What is the co-failure ceiling?

The co-failure ceiling is the highest accuracy any combination of a fixed set of models can reach. It equals 1 − β, where β is the co-failure rate — the fraction of questions on which every model in the set is wrong at the same time. A 67-model study across 21 providers (arXiv 2606.27288, June 2026) measures β directly: on those shared-failure questions no model has the right answer, so combiners that pick among the models' answers (routing, majority voting) cannot score above 1 − β, and the paper finds that mixture-of-agents does not beat the ceiling in practice either. On the math task the measured β was 0.052 (a ceiling near 94.8%); on code execution 0.079; on GPQA-Diamond free-response 0.127.

Why can't routing, voting, or mixture-of-agents beat it?

Combining models only helps when the models disagree — it recovers questions where at least one model is right. On a co-failure, every model agrees on a wrong answer, so a router has no good model to pick and a majority vote has no correct option to surface. A mixture-of-agents aggregator that fuses the drafts could in principle synthesize a right answer, but the paper finds it does not beat the ceiling in practice. The gains come from models that fail on different questions, not from adding more models.
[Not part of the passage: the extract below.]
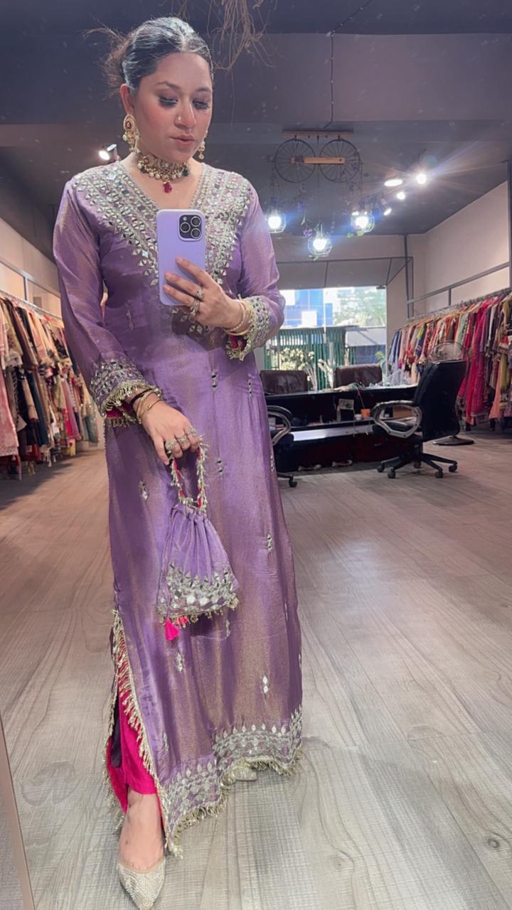 Kareena kapoor Lavander with pants Mirror Dress with Potli
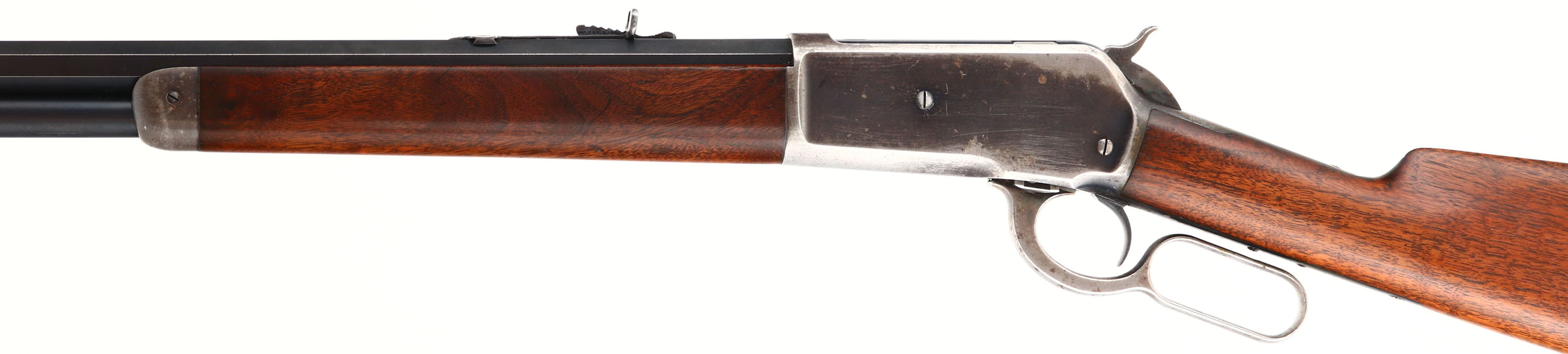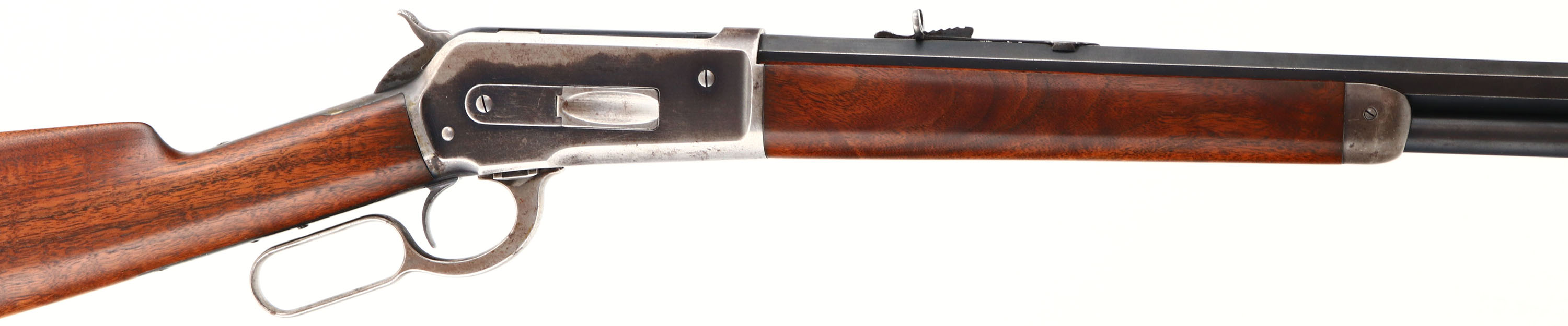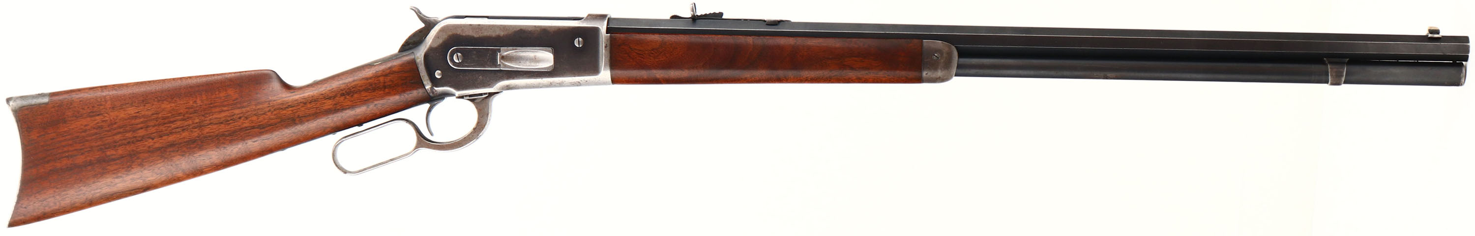Winchester, Model 1886, CAL: 45-90 WCF, MFG: 1903, SN: 130022, Lever Action Rifle, 26'' Octagon barrel, Full mag. The original straight grip wood stocks are excellent, as professionally cleaned or possibly lightly sanded in areas & restored finish mixed with the original finish. The stocks display some minor contusions & handling marks, The metal blue finish on the barrel & tube are very nicely & professionally restored rating 95% overall, with minor blemishes & scuffs. The receiver has toned a mix of gun metal gray, with approximately 25% remaining original blue. Bore is excellent & bright, with crisp rifling & very light spotting. The barrel holds an adjustable rear sight & pinched silver blade front sight. Buttstock carries a crescent metal buttplate. A very nice & still very collectible 1886 rifle. FFL or C&R Req. - Value: 2000 to 4000

Why is error correlation a misleading way to predict ensemble gains?

Pairwise error correlation ρ measures how often two models are wrong together, but the co-failure rate β is about all models being wrong at once — a much rarer, joint event that two-at-a-time statistics systematically under-count. In the study, the measured β on the math task was about 2.5× higher than ρ predicted (0.052 versus 0.023, with a 90% confidence interval of 1.7–3.4×), and the gap was worse on harder tasks. The practical fix is to measure joint failures directly and to add models with genuinely different blind spots — diversity, not ensemble size, is what lifts the ceiling.

Routing, voting, and mixture-of-agents hit a shared ceiling across 67 models — Co-failure ceiling

Jargon

Co-failure rate (β): The fraction of queries on which every model in the set is wrong at the same time. The paper measures it directly per task rather than inferring it.
Co-failure ceiling (1 − β): The highest accuracy any combination of a fixed set of models can reach. If β of questions defeat all of them, no combiner can score above 1 − β.
Routing: Send each query to the single best model for it instead of running them all. One of the three combiners the ceiling bounds. See routing →
Voting / majority vote: Run several models on the same query and take the most common answer. It only helps when the wrong models disagree with each other. See parallelization + voting →
Mixture-of-agents (MoA): Combine several models' or agents' outputs, often with an aggregator that reads all their drafts. Self-MoA uses copies of the same model as every agent.
Pairwise error correlation (ρ): How often two models are wrong on the same query, measured two at a time. The paper shows it systematically under-estimates β, the rate at which they are all wrong together.
Heterogeneous vs homogeneous ensemble: An ensemble of different models (diverse blind spots) versus copies of one model. Heterogeneous, low-correlation sets push the ceiling up; homogeneous sets share the same misses.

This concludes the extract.